Elizabeth Cheeseman SC and Matt Karam recently represented the respondent in urgently setting aside mandatory and prohibitory injunctive relief obtained on an ex parte basis in DWA Insurance Pty Ltd v Community Broker Network Pty Ltd (No 2) [2020] NSWSC 376. The NSW Supreme Court ruled that the respondent may terminate or revoke the member’s authorised representative licences pursuant to s916B(7) of the Corporations Act 2001 (Cth) after inquiries into the member’s business conduct. In discharging the ex parte orders, Robb J held that the balance of convenience clearly favoured the discharging of the orders.

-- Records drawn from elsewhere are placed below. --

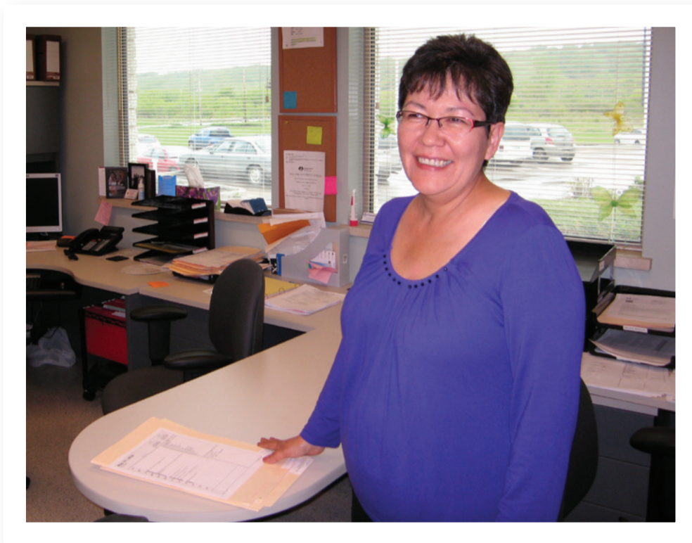
Figure 6 All Nations' Healing Hospital, Fort Qu'Appelle, SK

The complexity of the documents used in these Guides ranges from 1-3 generally, as many of the documents used in entry level healthcare occupations fall into this range of complexity.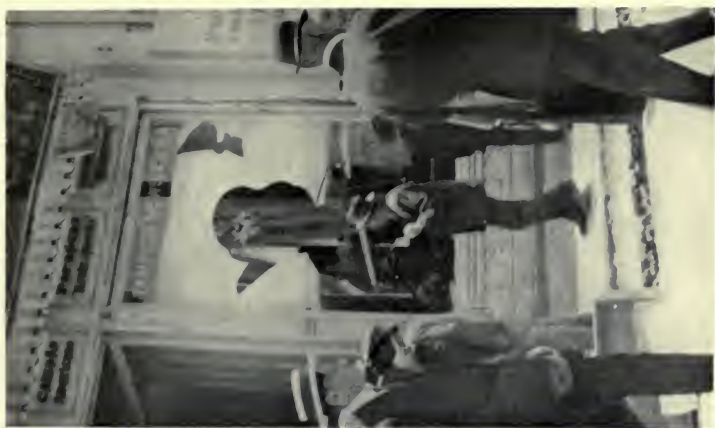
WRECKED FOREIGNERS SHOPS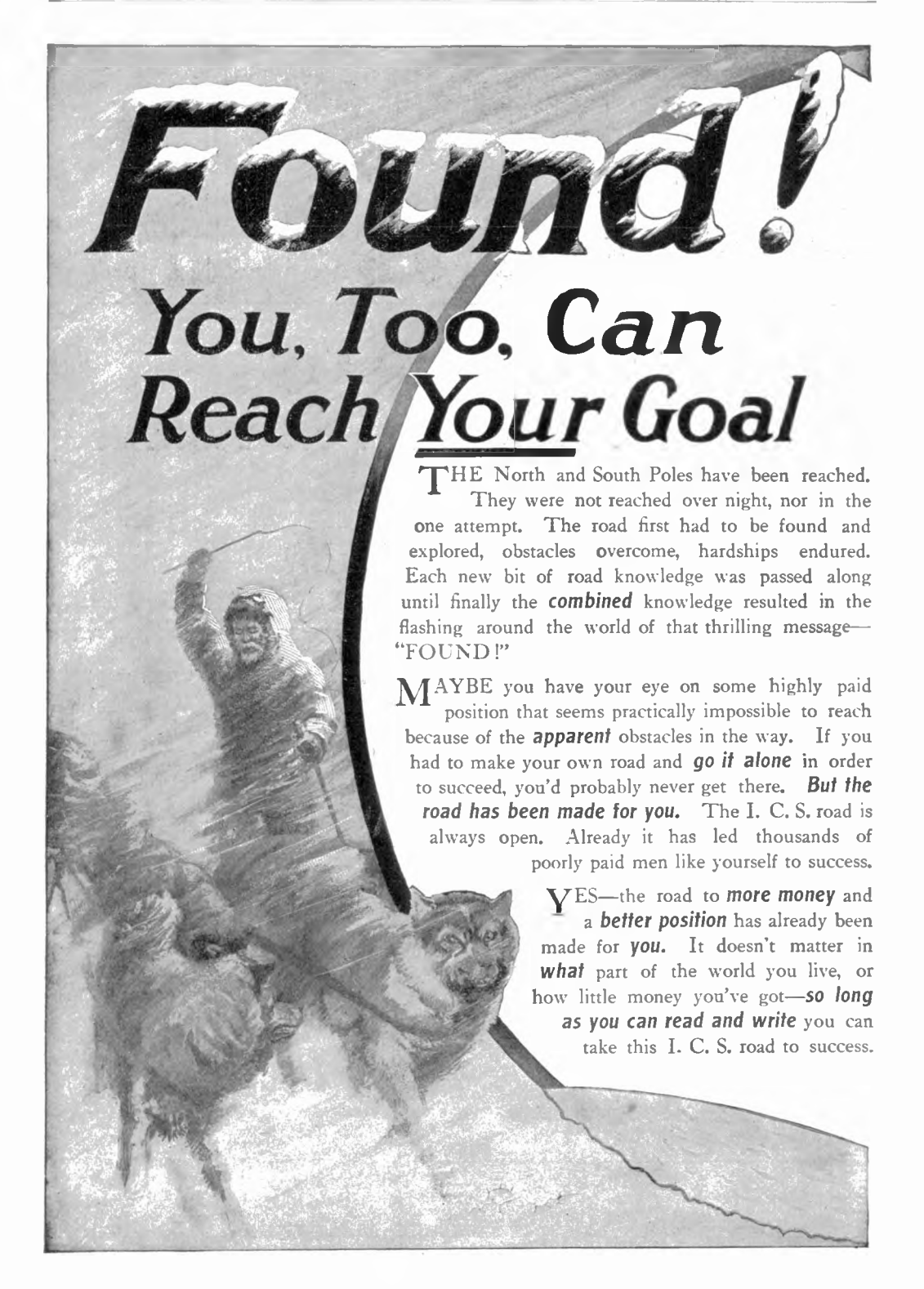
Please mention this magazine when answering advertisements.

The Court also considered that there was real doubt as to whether the applicant had established a sufficient probability of success in its claim that the respondent breached the authorised representative agreement and that there was a real possibility that, if hearing time had permitted the issue to be considered in depth, it would have concluded that the orders should have been discharged on the basis that the applicant did not adequately disclose all of the information in its possession relevant to the issue of whether the order should be made.
The case involved numerous remote hearings before various duty judges in equity in the NSW Supreme Court at the height of Covid-19 restrictions. Elizabeth and Matt were instructed by Samantha O’Brien, Jonathon Ellis, Gajendran Balachandran and Adriana Abu Abara of DLA Piper.